Reproduce, exactly and only, the lines of the data that follows from the one containing "Abbildung 1 – SMA-Wechselrichter" down to the one containing "PHÓ THỦ TƯỚNG Trương Hòa Bình", without pictures.

Stored records

________________________

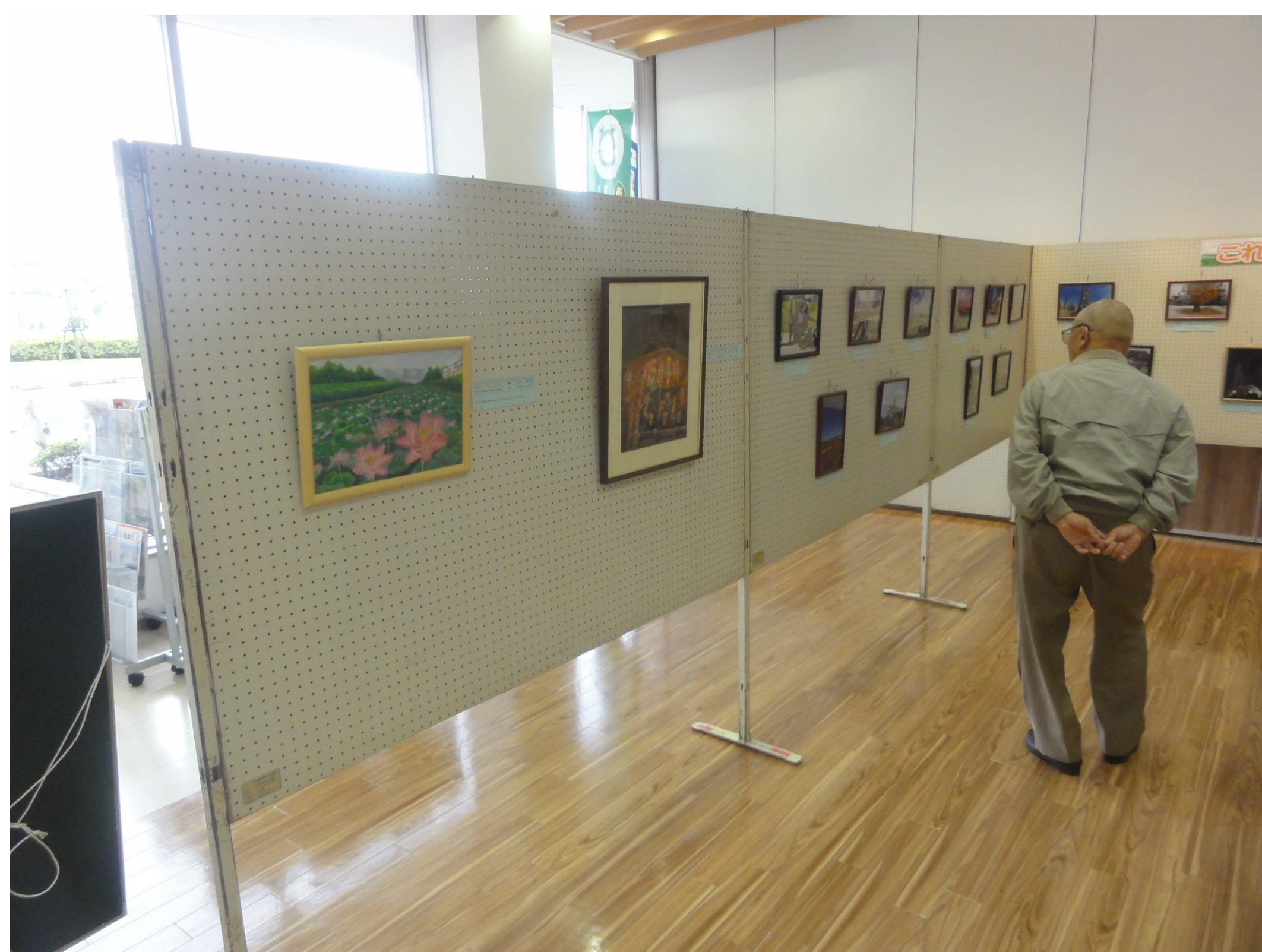
▶ 駅前インフォメーションセンター
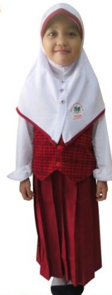
PUTIH MERAH + ROMPI (PUTRI)
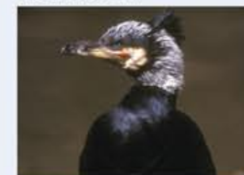
Kormoran ( Phalacrocorax carbo , engl. Great Cormorant), Brutvogel, ganzjährig
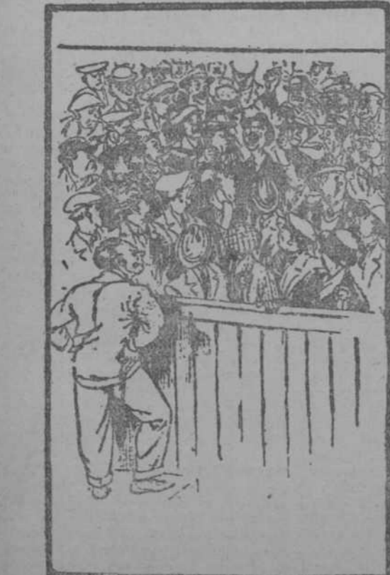
—Las tragedias de la vida El orfeonista que sigue cantando cuando ya ha terminado la canción.
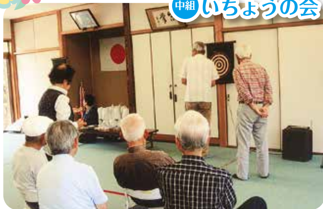
▲「マグネットダーツ」
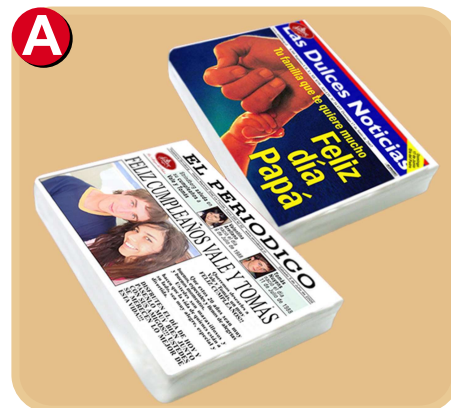
Forrada 712 disponible solo de 10 porc.
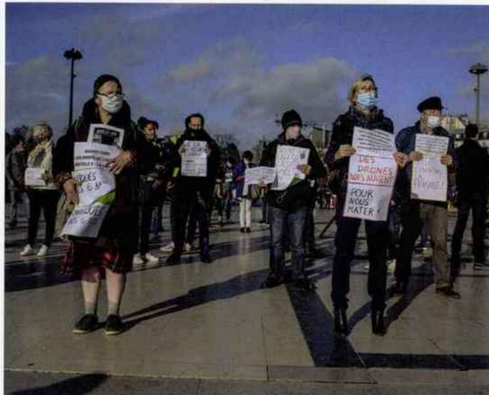
Photo: Manifestation de gilets jaunes organisée par le collectif Force jaune sur la place du Trocadéro durant la deuxième période de confinement liée à la pandémie de Covid-19. Paris, 14 novembre 2020.
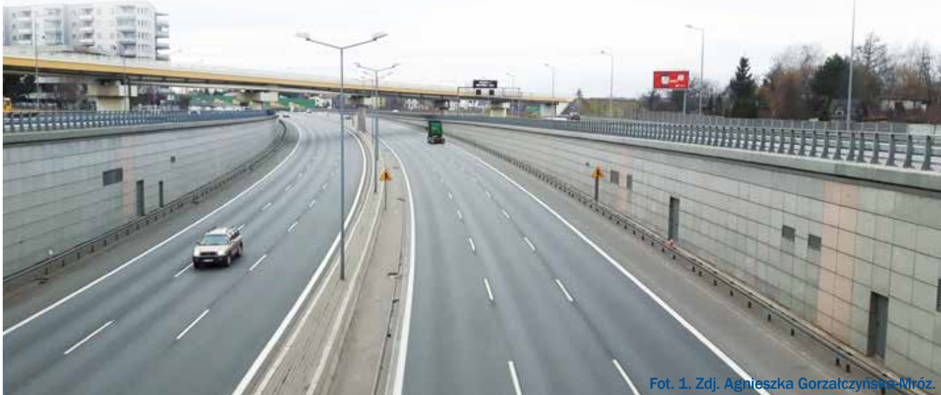
Fot. 1.
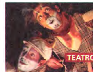
El gato que le enseñó a volar a una gaviota

Tres gatos de puerto se ven atareados al hacerse cargo de un polluelo de gaviota. No son pocos los problemas que divertidamente tienen que resolver en esta obra teatral familiar, maravillosa fábula de la Compañía Teatro del Sol, inspirada en la novela homónima del destacado escritor chileno Luis Sepúlveda.
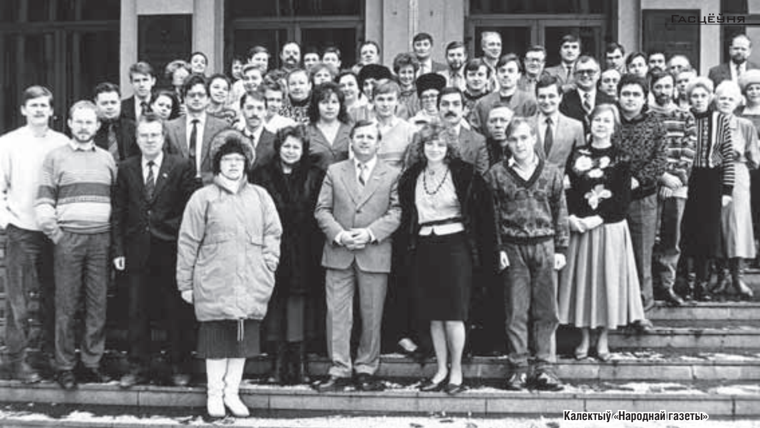
Калектыў «Народнай газеты»

камбикормавым заводзе. Самога дырэктара на месцы не аказалася, бо ён кінуўся ў Растоўскую вобласць, каб яшчэ адзін «перадавы» вопыт пераняць: Шавялуха яму давёў, што там трымаюць свіней і парсят увогуле ў намётах, і не трэба будаваць жывёлагадоўчыя комплексы.
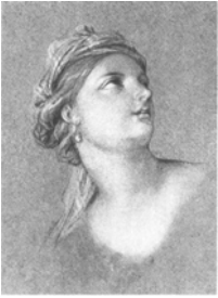
~4 autres têtes. Lit.: Lefrançois 1994, P.290–293 n.r.
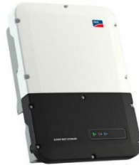
Abbildung 1 – SMA-Wechselrichter
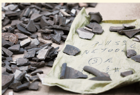
宋国故城考古出土的陶片、瓷片等文物标本。
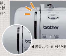
←押えレバーを上げた時
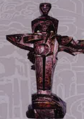
TRẦN VĂN ĐỨC Mắt biển | The eye of the sea Gỗ | wood 73 x 35 x 97 (cm) 2013
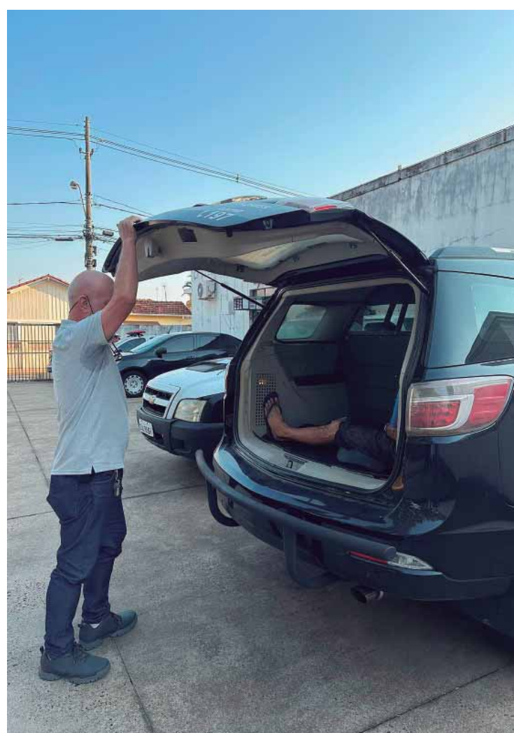
O homem de 56 anos foi preso por furtar várias casas dos bairros Mariluz e Botânico

"O Conseg (Conselho de Segurança), composto por moradores da cidade, vinha há meses aguardando a prisão do autor de tais delitos que estava tirando a paz dos moradores do bairro Mariluz e Botânico. Após os atos de polícia judiciária o capturado será encaminhado para uma cadeia em Piracicaba", informou a Polícia.
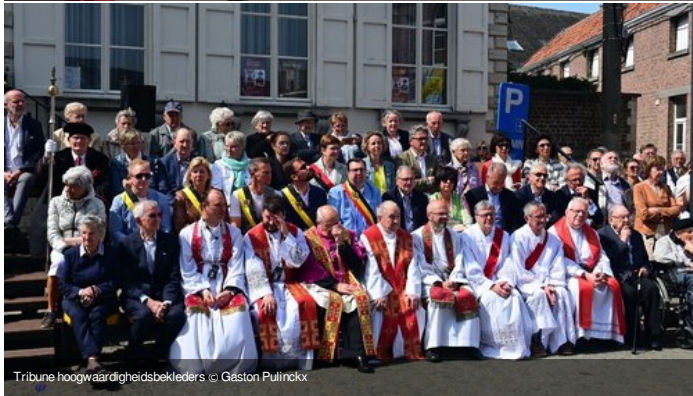
Tribune hoogwaardigheidsbekleders
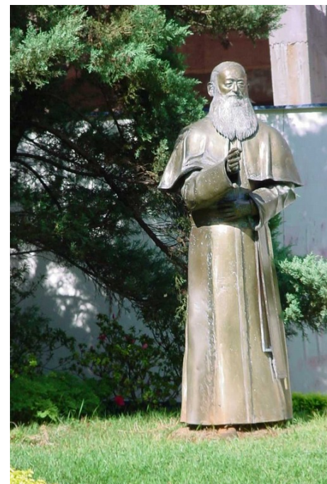
Padre José Kentenich: fundador da obra Schoenstatt.
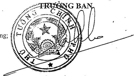
PHÓ THỦ TƯỚNG Trương Hòa Bình
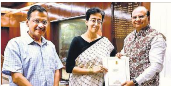
उपराज्यपाल वीके सक्सेना से मिले आतिशी और केजरीवाल, पेश किया दिल्ली में नई सरकार बनाने का दावा।
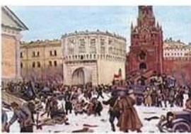
К. Ф. Юон. Вступление в Кремль отрядов Красной гвардии
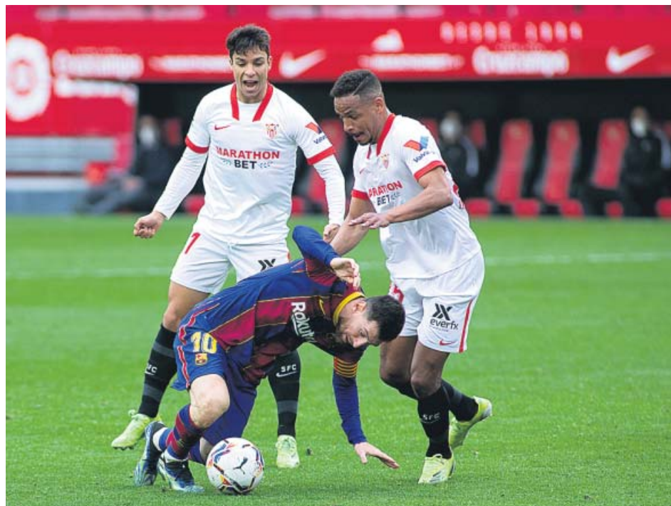
Leo Messi presionado por Fernando y Oliver Torres en el partido del pasado sábado.

Cuando el conjunto hispalense se llevó el primer partido de las semifinales con un más que interesante 2-0 como local, se convirtió automáticamente en el claro favorito para alcanzar la final que se disputará en La Cartuja el domingo 17 de abril. Vivían los de Julen Lopetegui su mejor momento, con varias victorias

________________________

◆ Written response:
Abbildung 1 – SMA-Wechselrichter
宋国故城考古出土的陶片、瓷片等文物标本。
←押えレバーを上げた時
TRẦN VĂN ĐỨC Mắt biển | The eye of the sea Gỗ | wood 73 x 35 x 97 (cm) 2013
O homem de 56 anos foi preso por furtar várias casas dos bairros Mariluz e Botânico

"O Conseg (Conselho de Segurança), composto por moradores da cidade, vinha há meses aguardando a prisão do autor de tais delitos que estava tirando a paz dos moradores do bairro Mariluz e Botânico. Após os atos de polícia judiciária o capturado será encaminhado para uma cadeia em Piracicaba", informou a Polícia.
Tribune hoogwaardigheidsbekleders
Padre José Kentenich: fundador da obra Schoenstatt.
PHÓ THỦ TƯỚNG Trương Hòa Bình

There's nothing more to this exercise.